SHEIN et son concours pour jeunes designers, ou l’hôpital qui se fout de la charité

Tout en continuant de copier de nombreux créateurs, le site chinois a lancé un challenge pour les aider.

Crédit photo : SHEIN

Le distributeur chinois SHEIN pensait surement faire une bonne action en organisant un concours dédié aux jeunes designers. Le site de vente en ligne a annoncé un prix de 100 000 dollars pour le créateur qui sera sélectionné par un jury composé de Khloé Kardashian, du designer américain Christian Siriano, de Laurel Pantin – directrice du style pour le magazine InStyle, de Jenna Lyons – ancienne directrice artistique des collections prêt à porter de J.Crew ou encore de Law Roach, fraîchement nommé styliste le plus puissant de l’année par The Hollywood Reporter. En échange de cette somme, le gagnant pourra mettre en vente ses produits sur le site en ligne de SHEIN en plus d’être présenté lors d’une Fashion Week virtuelle dédiée aux collections Automne/Hiver 21 du vendeur. Une somme qui peut paraitre bien dérisoire quand on sait qu’en 2020, le site chinois a vendu pour près de 10 milliards de dollars de vêtements.

Attirer pour mieux copier

Là où le bât blesse (encore) c’est que SHEIN est connu pour piller les produits de nombreux petits créateurs. Ils sont des dizaines à avoir découvert certaines de leurs pièces recopiées et mises en vente sur le site du géant de la fast-fashion sans leur accord. En 2020, le célèbre compte Instagram Diet Prada avait déjà alerté sur la pratique du revendeur chinois. Depuis, d’autres petites marques ont elles aussi fait les frais de cette société opaque qui met en ligne jusqu’à 10 000 produits par mois. Comble de la farce, la designeuse française Maison Cléo qui invectivait SHEIN sur Instagram il y a peu pour avoir volé deux de ses créations, a reçu un mail de la part du vendeur pour participer au jeu concours il y a quelques mois. Faute de réponse positive, SHEIN semble avoir préféré écrémer l’eshop du label pour mieux le dupliquer.
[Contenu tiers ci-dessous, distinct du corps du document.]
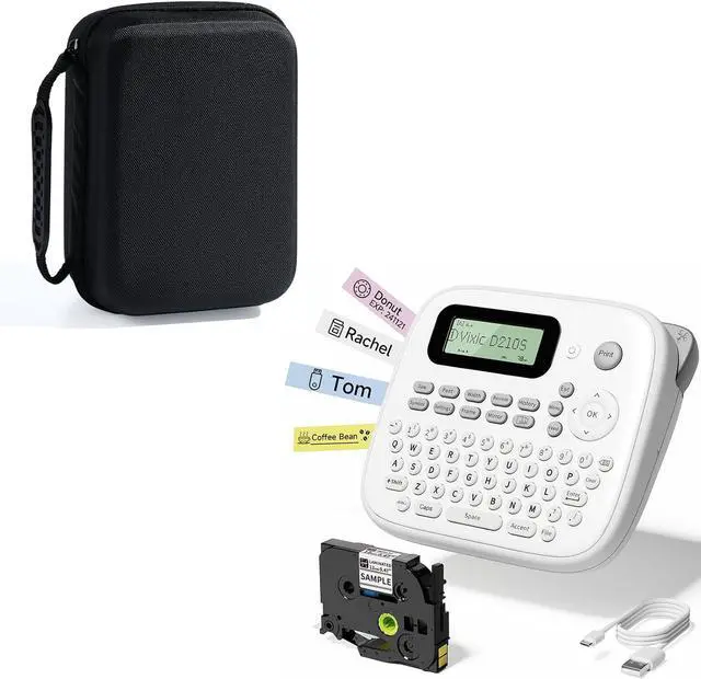 Package Included: D210S label maker machine white with 1 sample laminated tape, color: black on white, size: 0.47 inch x 13.1 feet (12mm x 4m). And 1 pack case, external size: 8.7" x 6.7" x 3.9"
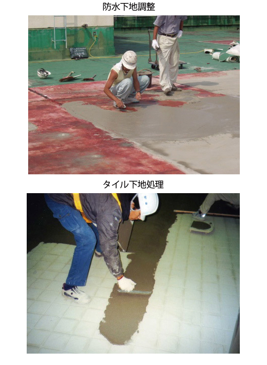 完全既調合品で、使用時に水で練混ぜるだけで高品質で安定したカチオン性ポリマーセメントフィラーとなり、各種下地に対して優れた接着耐久性を発現します。
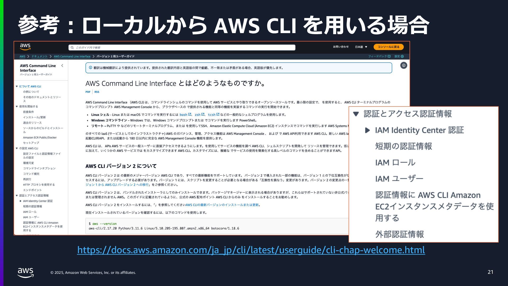 AWS CLI を⽤いる場合 21 https://docs.aws.amazon.com/ja_jp/cli/latest/userguide/cli-chap-welcome.html
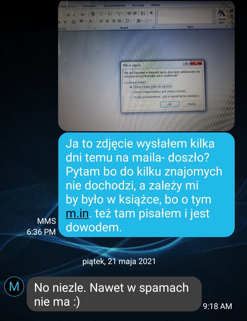 Dlatego też wielu z nieukrywanym uśmiechem i niedowierzaniem przyjmuje pojawiające się z rzadka informacje, że aniołowie to niesamowicie inteligentne byty, doskonale odnajdujące się w świecie współczesnej technologii. Ja zaś jestem o tym swięcie przekonany. Sam bowiem miałem kilka tego typu doświadczeń z aniołami, ale akurat tymi „z ciemnej strony mocy”. Nie miało to nic wspólnego z „wesołymi rogatymi diabełkami”, jak niektórzy lekceważąco postrzegają szatana. Opisałem zresztą te przypadki w swej książce Demon, mówię jak jest. Aby jakoś bardziej uwiarygodnić opisywane w książce historie, zamieściłem tam również m.in. zdjęcie ekranu mojego laptopa. Niespodziewanie pojawiła się tam bowiem informacja o dziwnej blokadzie na pisany akurat w Wordzie artykuł o satanizmie. Blokada, którą mi zrobił – jak tam czytamy – „inny użytkownik”. Żeby było ciekawiej, ja jestem jedynym użytkownikiem mojego laptopa, a zrobionego komórką zdjęcia ekranu przez dłuższy czas nie dało się nikomu wysłać, dochodziły tylko puste maile. W końcu udało mi się wysłać to zdjęcie wydawcy w formie MMSa – i doszło. Pokażę zresztą Panu, co mi wówczas na to odpisał.
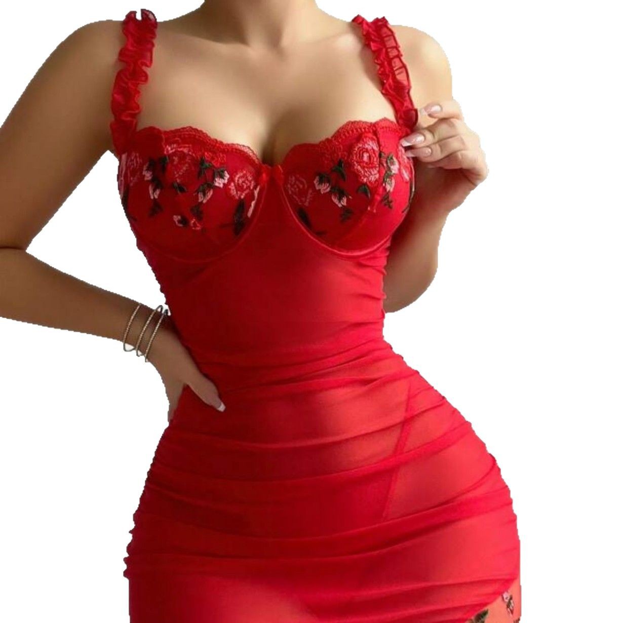 Dai Yan 국경 새로운 섹시한 란제리 레이스 관점 유혹 자수 나이트 드레스 Thong 타이트 힙 원피스
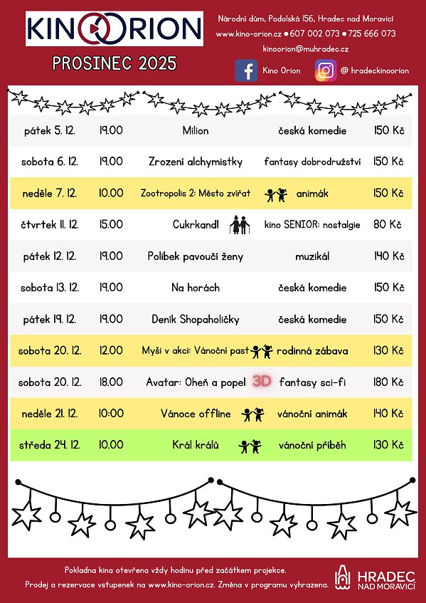 V sobotu 20. 12. 2025 probíhá na Podolské ulici tradiční vánoční jarmark.Ve 12 hodin můžete přijít do kina Orion na rodinný film Myši v akci: Vánoční past.
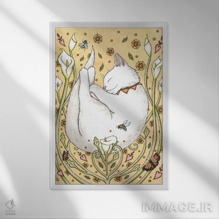 تابلو پروانه‌ها و زنبورها اثر آنیتا اینوراریتی - نمای قاب‌دار سفید

Sous la publication Instagram de l’annonce du concours, les commentaires dénonçant les pratiques de SHEIN sont légions, de même que sur les comptes de chaque juré. Si certains ont été supprimés, l’afflux constant de messages affichant les méthodes peu éthiques du site n’a pu être modéré. “Quelle déception de voir ces personnes choisir de travailler avec une marque qui contribue énormément au problème de la fast fashion”, écrit une internaute tandis qu’une autre confie son étonnement sur le compte du juré Law Roach : “Je vous aime vraiment mais tellement déçu de vous voir travailler avec Shein – n’êtes-vous pas contre leur 1) exploitation des travailleurs 2) contributions aux déchets et dommages environnementaux 3) vol des designers ?”.

Une société opaque

Avec des délais de production qui dépassent rarement les 7 jours (contre 3 semaines pour Zara ou H&M), un algorithme qui permet de connaitre quel produit est le plus populaire afin d’accroitre rapidement sa production et qui à l’inverse, retire un produit du catalogue si celui-ci est boudé par les acheteuses, SHEIN ringardise ses concurrents. Avalant toujours plus vite les commandes, le site s’assure de proposer des pièces à ultra bas coût, 6 euros un top, 3 euros 50 un petit sac en bandoulière… En plus de clientes conquises par les prix pratiqués, la plateforme chinoise lancée en 2008 a su tirer son épingle du jeu durant la pandémie en enregistrant 81 millions de téléchargements de son application les six premiers mois de 2021. “En août 2021, la marque est évaluée à 30 milliards de dollars (25 milliards d’euros) soit deux fois plus qu’en 2020 à la même période”, détaille Slate.

Lancé en 2008 par Chris Xu sous le nom ZZKKO, une entreprise dédiée aux robes de mariées, SHEIN a depuis su manier le marketing, enchainant les campagnes avec de nombreux influenceurs et stars américaines. Lil Nas X, Tinashe, Katy Perry, ou encore Wejdene en France, tous ont choisis d’associer leur nom à l’entreprise dont les actionnaires se font discrets. Dans une enquête menée par CNN, on découvre que le groupe tente de ne pas crier trop haut et trop fort ses origines chinoises. En cause, le contexte géopolitique mais aussi les accusations sur les faibles salaires reversés aux travailleurs de ses usines de production sans oublier les revers de la fast-fashion sur l’environnement.